We wrote in the January 13th edition that the market expected a generally stronger $ but that our work showed it to be compressed, waiting for a break in either direction. This first chart shows that it still is. There has been no closing break of the initial compressions since then and now we have another compression so the market is still poised to jump. We still cannot tell which way. The second chart shows that there has been some small $ move up against the ¥ but this is more likely to be the ¥’s extreme weakness due to very aggressive QE than any innate $ strength.
In Europe, the $ has also traded sideways against the € since early January, as shown in the next chart. This pair has made multiple compressions over the last three weeks, so a move is coming soon. Meanwhile the £ has strengthened against the $ which probably just tells us that the £ was over-sold after quite a prolonged down trend. We bought it.

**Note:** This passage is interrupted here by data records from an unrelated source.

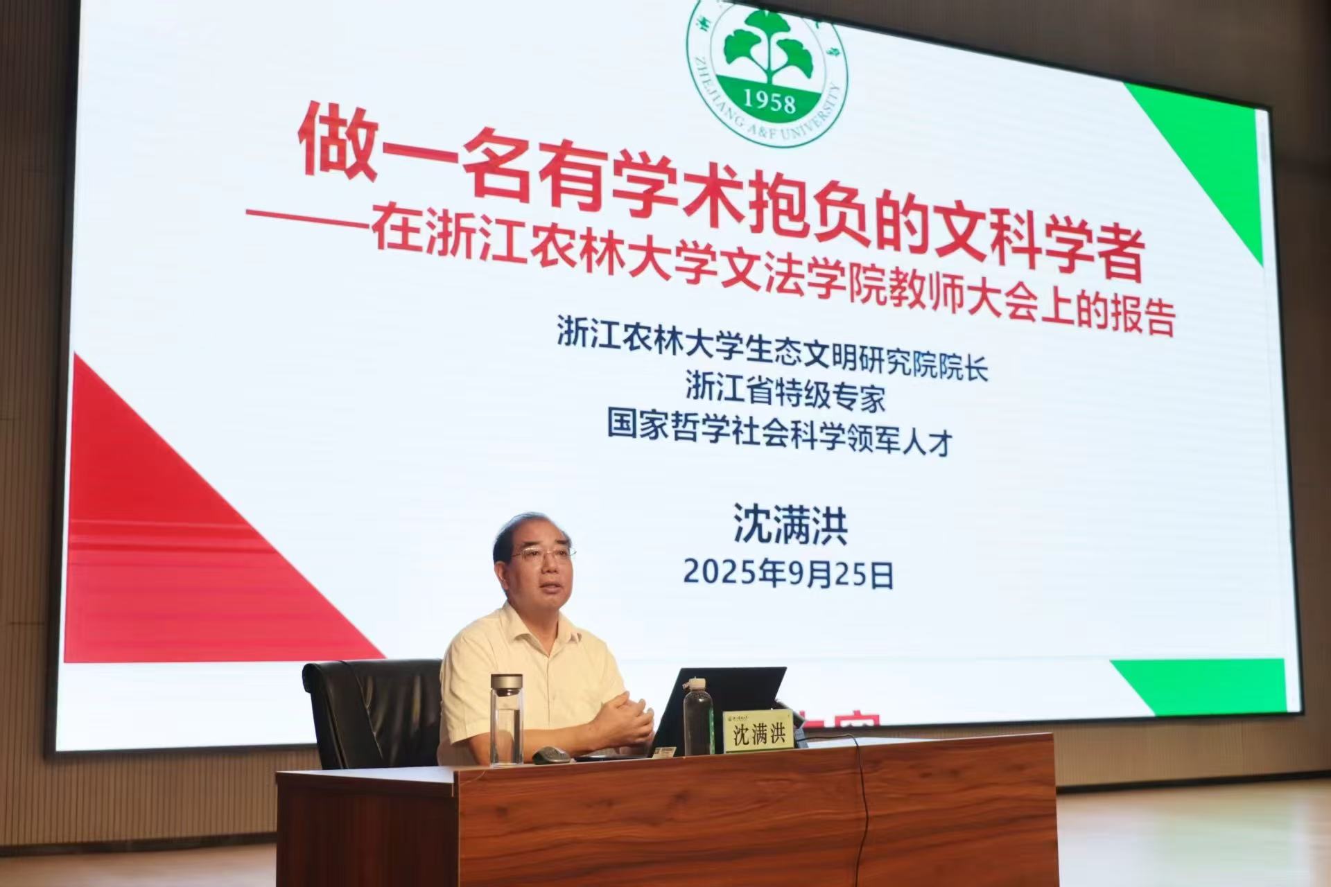 会议特邀学校原党委书记、BV伟德官方网站生态文明研究院院长沈满洪教授,面向全院教职工作《做一名有学术抱负的文科学者》辅导报告,他分享了自己在文科科研道路上攻坚克难的宝贵经验与体悟,激励文法教师在文科科研进步的道路上不断勇攀高峰。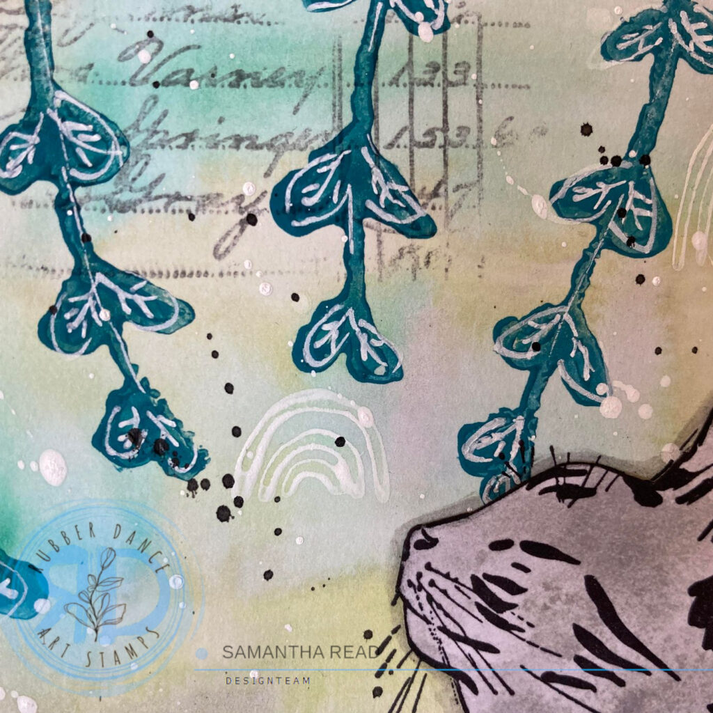 I created the background using the wet on wet watercolour technique and using stamps from the Pencil Marks 1 set and Mix it Up 1 sets. Some I stamped using ink and others I used acrylic paint, if you use acrylic paint don’t forget to clean your stamps right away before the paint dries! I added details with posca paint pens, especially on the leaves coming down which the leaves were also painted in with the paint they were stamped with. The cat from the Garden Cats set is simply stamped on white card, coloured with watercolour paint and adhered in place on top of a small piece of colour coordinating washi tape. Finishing touches were inky splats of black and white and a little shading around the cat before adhering on to my 5 inches by 5 inches card blank. This card could be used for most occasions, I just need to add a sentiment before sending.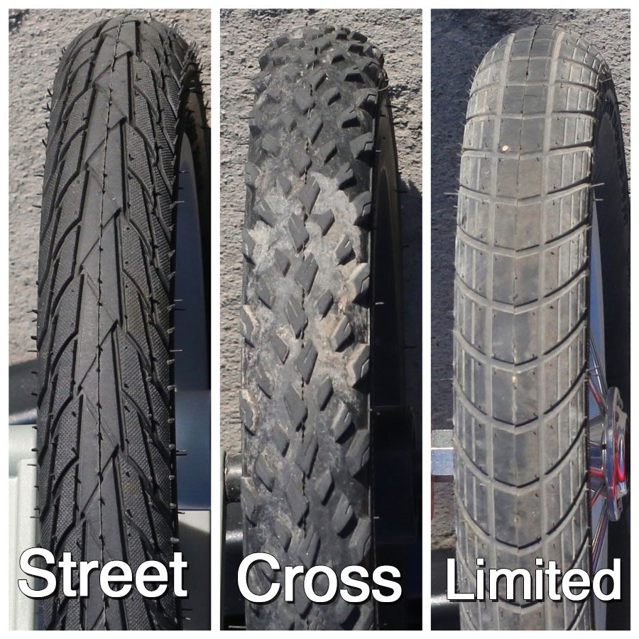 - Cross: Knobby tread air tires for all-terrain riding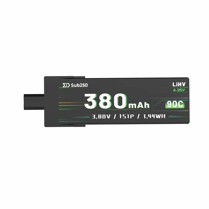 Sub250 1S 380mAh 3.8V LiHV High-voltage lithium battery is specially designed for Indoor Micro FPV drones. It is small volume, lightweight, and High capacity. It can discharge up to 90C, providing sufficient power for flight. Sub250 LiHV 1S battery’s USB charging board is used for charging, It’s extremely convenient and High-efficiency!

This is quite confusing so a longer-term look at the $ itself may help. One reason why the market’s expectation of a strengthening $ has been disappointed is that the $ already went up over 20% when the ‘competing devaluation’ argument became popular. Our longer-term analysis signals reflected this as a monthly-scale compression occurred when the move was poised to start and it ended with a top extension at the same scale:
That long-term top extension led to the present trading range and the signal is now ten months old. Signals start to wear off after about that time and although they last an average of 15 periods or so, there is some variation around that figure. The time for the next $ move is approaching fairly soon and a break of the shorter-term compressions reported above will be the first clue as to its direction. This monthly-scale top will not act much longer to restrain it from being an up-move.
We will watch and report further.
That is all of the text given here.